• Task details:
The answer must reproduce every record exactly, with all pictures omitted.

• Data items:
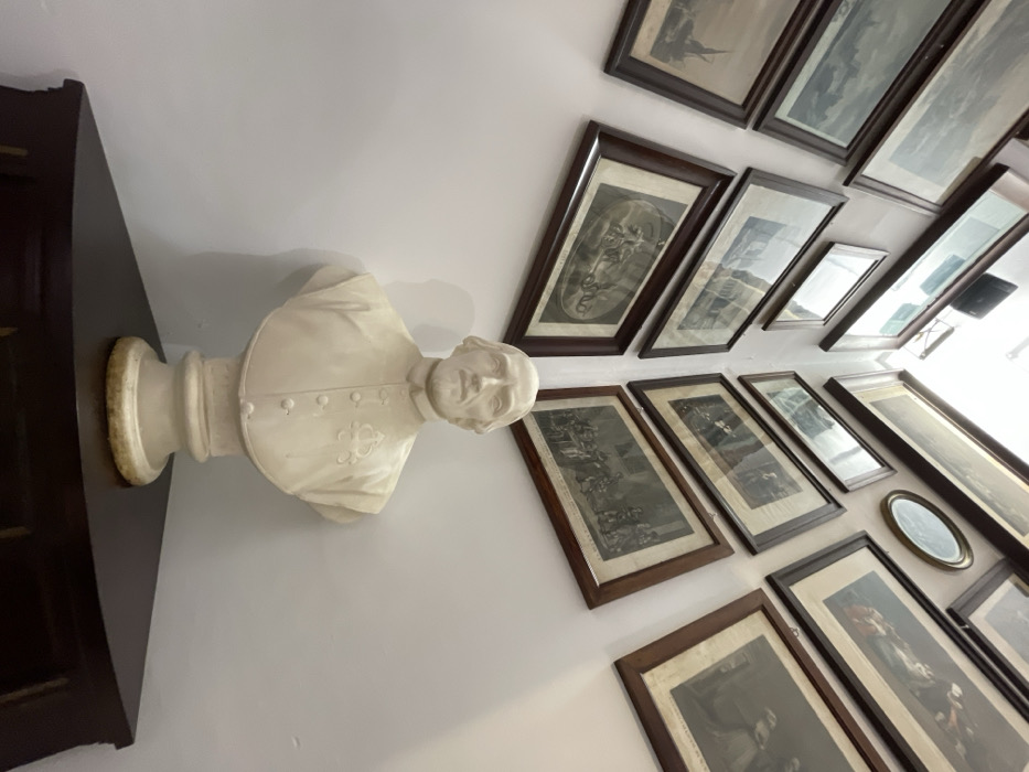 The image displays an interior corner of a building, identified as being in Bunyola, Spain. A white, marble-like bust of a man is centrally positioned on a dark, polished wooden corner table. The bust depicts a male figure with a serious expression, short hair, and is dressed in a formal garment featuring buttons down the front and an emblem, resembling a coat of arms or crest, on the right side of the chest. The bust rests on a fluted pedestal with a circular base, exhibiting some discoloration. The white walls on both sides of the corner are densely covered with approximately 15-20 framed artworks. These artworks, enclosed in dark wooden frames, include prints or drawings depicting various scenes such as landscapes, seascapes with ships, and detailed compositions with multiple figures. An oval-framed object, likely a mirror or picture, is visible on the upper right wall. Bright overhead lighting illuminates the scene, causing reflections on some of the framed glass surfaces.
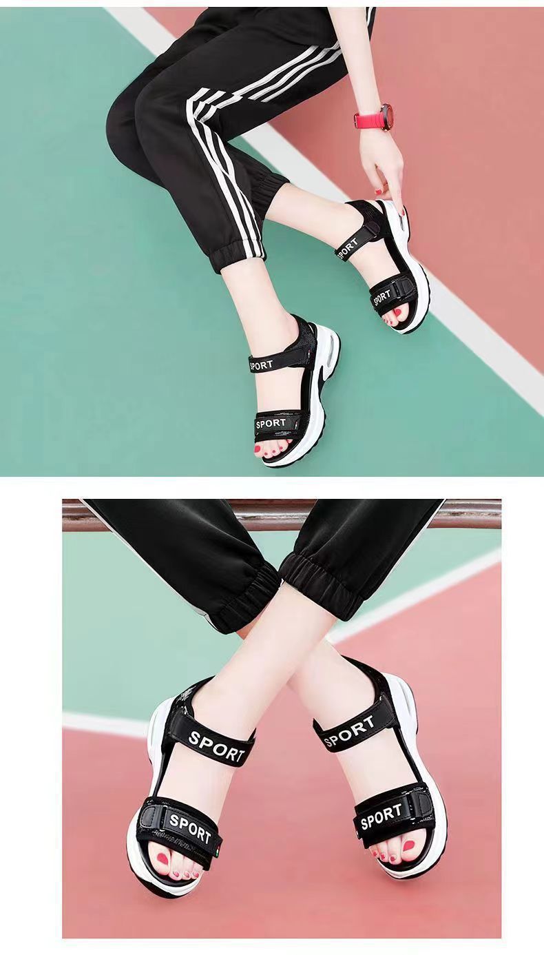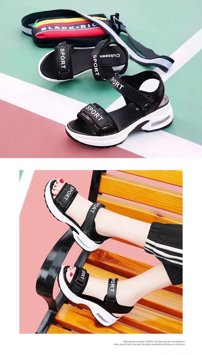 에어 쿠션 바닥 스포츠 샌들 여자 2024 년 여름 새로운 올 매치 사이버 셀레 브럼 플랫폼 두꺼운 바닥 학생 소프트 하단 비치 슈즈
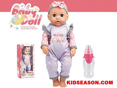 16寸喝水撒尿公仔头手脚搪胶身体吹气带IC24声
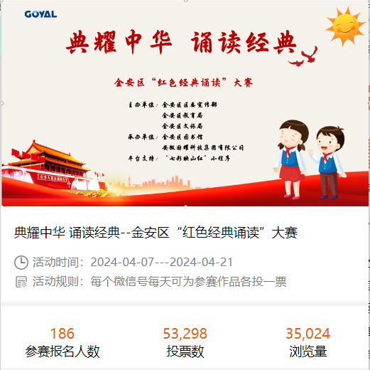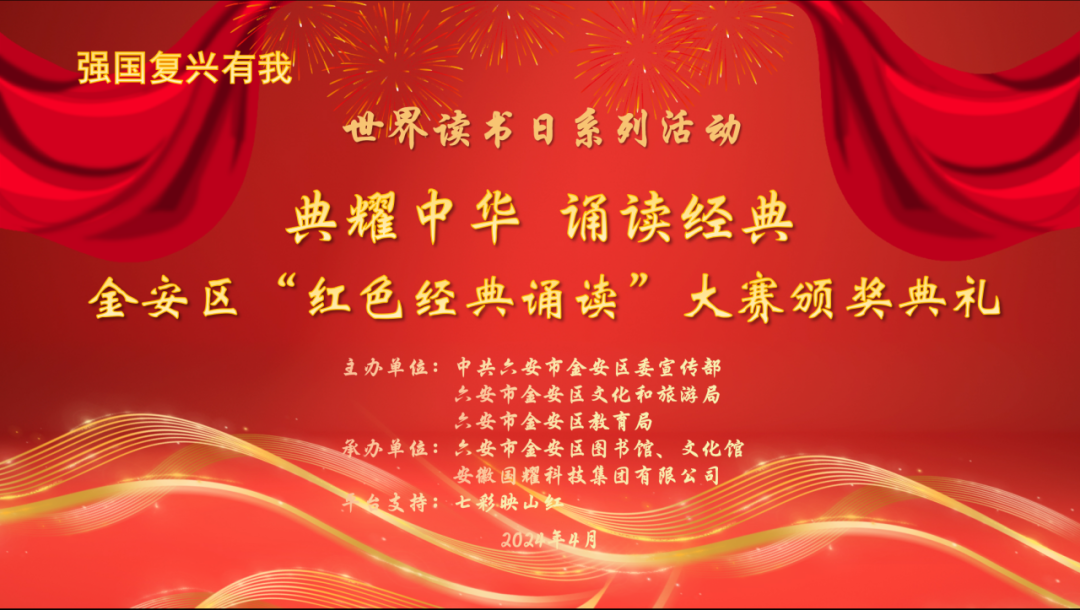 在中華人民共和國成立75周年之際,為深入學(xué)習(xí)貫徹黨的二十大精神,營造濃厚的愛國主義教育氛圍,厚植青少年家國情懷,中共金安區(qū)區(qū)委宣傳部、金安區(qū)文旅局、金安區(qū)教育局、金安區(qū)圖書館、文化館及安徽國耀科技集團(tuán)有限公司聯(lián)合舉辦了“典耀中華·誦讀經(jīng)典——金安區(qū)‘紅色經(jīng)典誦讀’大賽”。
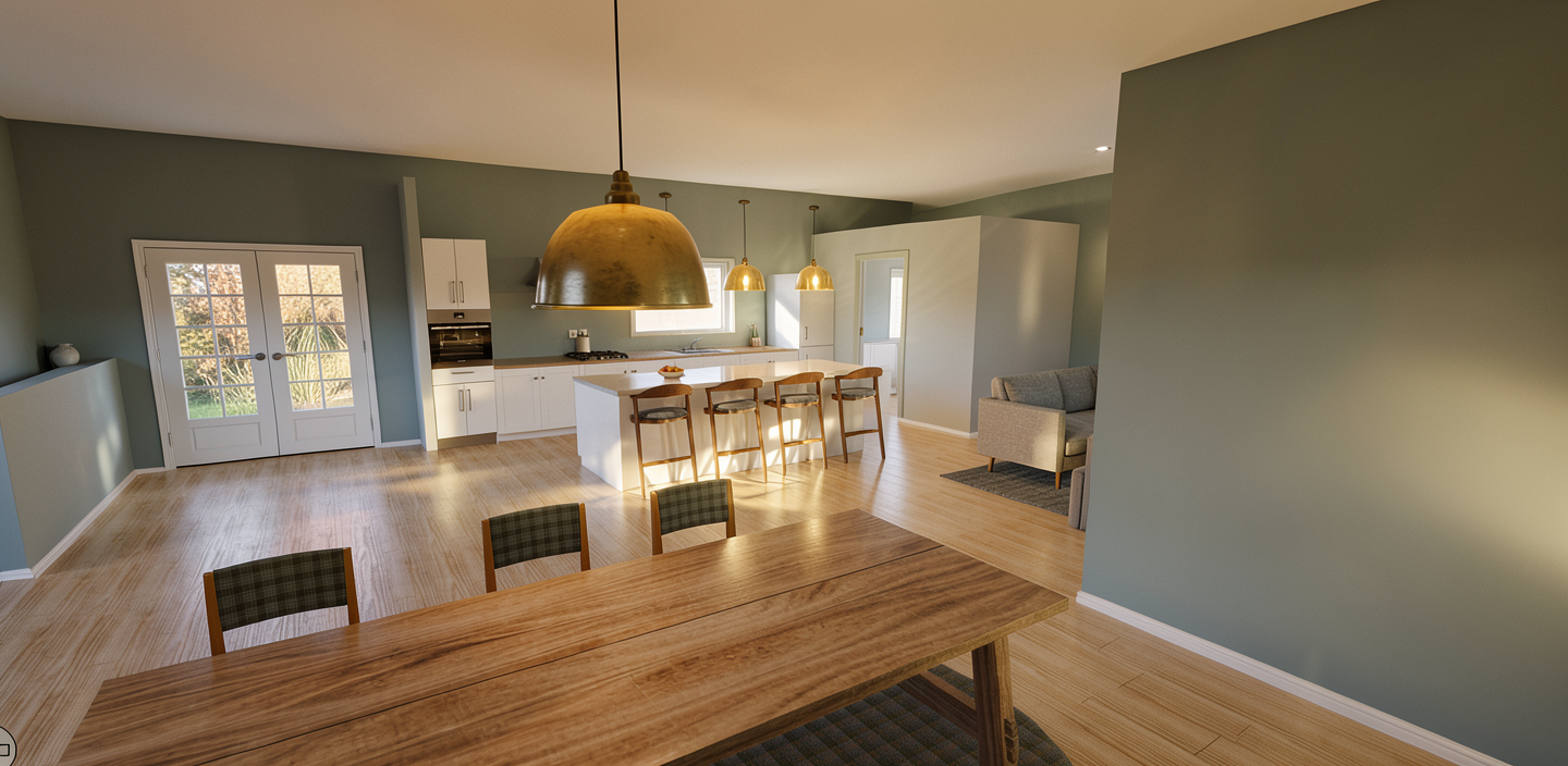 convert this floor plan into a realistic isometric 3d view of a full house show the space from an elevated angle with furniture walls and details visible modern barndominium make sure doorways are included and lots of natural light not too much windows in garage garage doors enter from right no sink in the island keep rooms and furnishings true to drawing no extra garage doors please stay true to drawing with garage doors entering from right use the same furniture as shows on the plan do not change the orientation of the floorplan

• Expected output:
 The image displays an interior corner of a building, identified as being in Bunyola, Spain. A white, marble-like bust of a man is centrally positioned on a dark, polished wooden corner table. The bust depicts a male figure with a serious expression, short hair, and is dressed in a formal garment featuring buttons down the front and an emblem, resembling a coat of arms or crest, on the right side of the chest. The bust rests on a fluted pedestal with a circular base, exhibiting some discoloration. The white walls on both sides of the corner are densely covered with approximately 15-20 framed artworks. These artworks, enclosed in dark wooden frames, include prints or drawings depicting various scenes such as landscapes, seascapes with ships, and detailed compositions with multiple figures. An oval-framed object, likely a mirror or picture, is visible on the upper right wall. Bright overhead lighting illuminates the scene, causing reflections on some of the framed glass surfaces.
 에어 쿠션 바닥 스포츠 샌들 여자 2024 년 여름 새로운 올 매치 사이버 셀레 브럼 플랫폼 두꺼운 바닥 학생 소프트 하단 비치 슈즈
 16寸喝水撒尿公仔头手脚搪胶身体吹气带IC24声
 在中華人民共和國成立75周年之際,為深入學(xué)習(xí)貫徹黨的二十大精神,營造濃厚的愛國主義教育氛圍,厚植青少年家國情懷,中共金安區(qū)區(qū)委宣傳部、金安區(qū)文旅局、金安區(qū)教育局、金安區(qū)圖書館、文化館及安徽國耀科技集團(tuán)有限公司聯(lián)合舉辦了“典耀中華·誦讀經(jīng)典——金安區(qū)‘紅色經(jīng)典誦讀’大賽”。
 convert this floor plan into a realistic isometric 3d view of a full house show the space from an elevated angle with furniture walls and details visible modern barndominium make sure doorways are included and lots of natural light not too much windows in garage garage doors enter from right no sink in the island keep rooms and furnishings true to drawing no extra garage doors please stay true to drawing with garage doors entering from right use the same furniture as shows on the plan do not change the orientation of the floorplan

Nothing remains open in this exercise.